Only the lines below from the one containing "圖為德吉向果農(nóng)演示如何科學(xué)合理修剪蘋果樹。記者 孫開遠(yuǎn) 攝" through the one containing "(2):call 如果一个类" belong in the answer, set down exactly, with the pictures left out.

— EXERCISE INPUT —
Start of Block

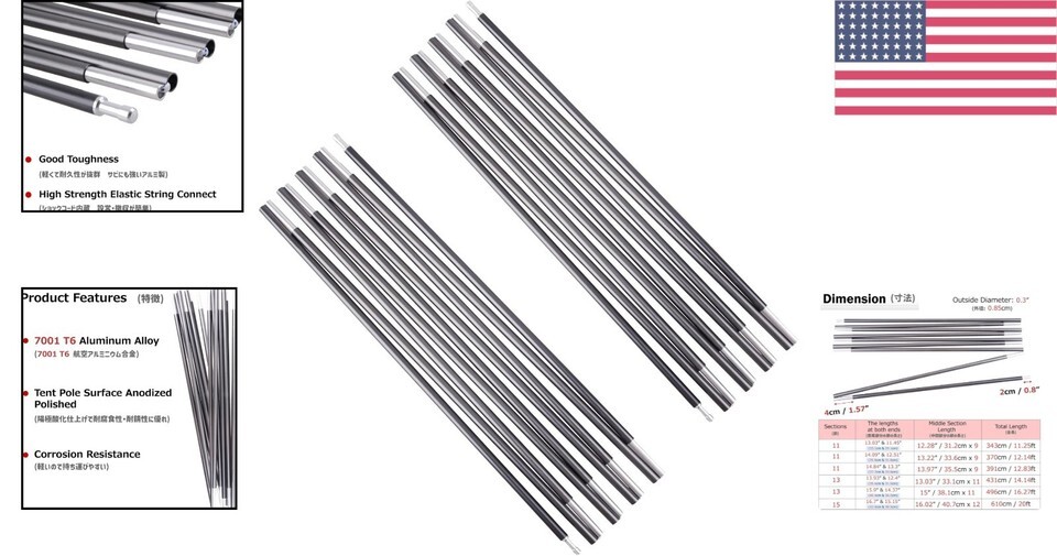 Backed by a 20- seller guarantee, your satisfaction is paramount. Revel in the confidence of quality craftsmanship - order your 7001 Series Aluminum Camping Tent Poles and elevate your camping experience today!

End of Block
Start of Block

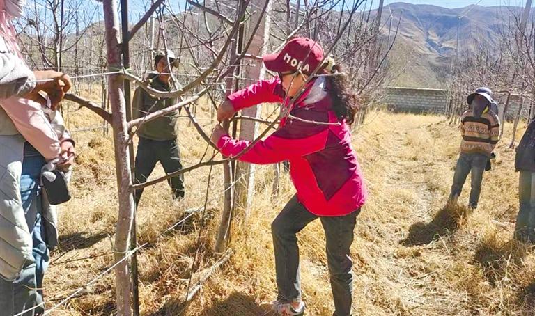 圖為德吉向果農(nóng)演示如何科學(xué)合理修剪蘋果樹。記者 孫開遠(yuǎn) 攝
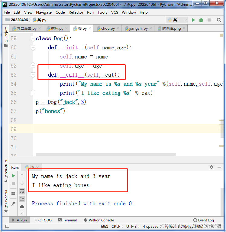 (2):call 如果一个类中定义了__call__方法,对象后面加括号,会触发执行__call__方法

End of Block

— WRITTEN RESPONSE —
 圖為德吉向果農(nóng)演示如何科學(xué)合理修剪蘋果樹。記者 孫開遠(yuǎn) 攝
 (2):call 如果一个类中定义了__call__方法,对象后面加括号,会触发执行__call__方法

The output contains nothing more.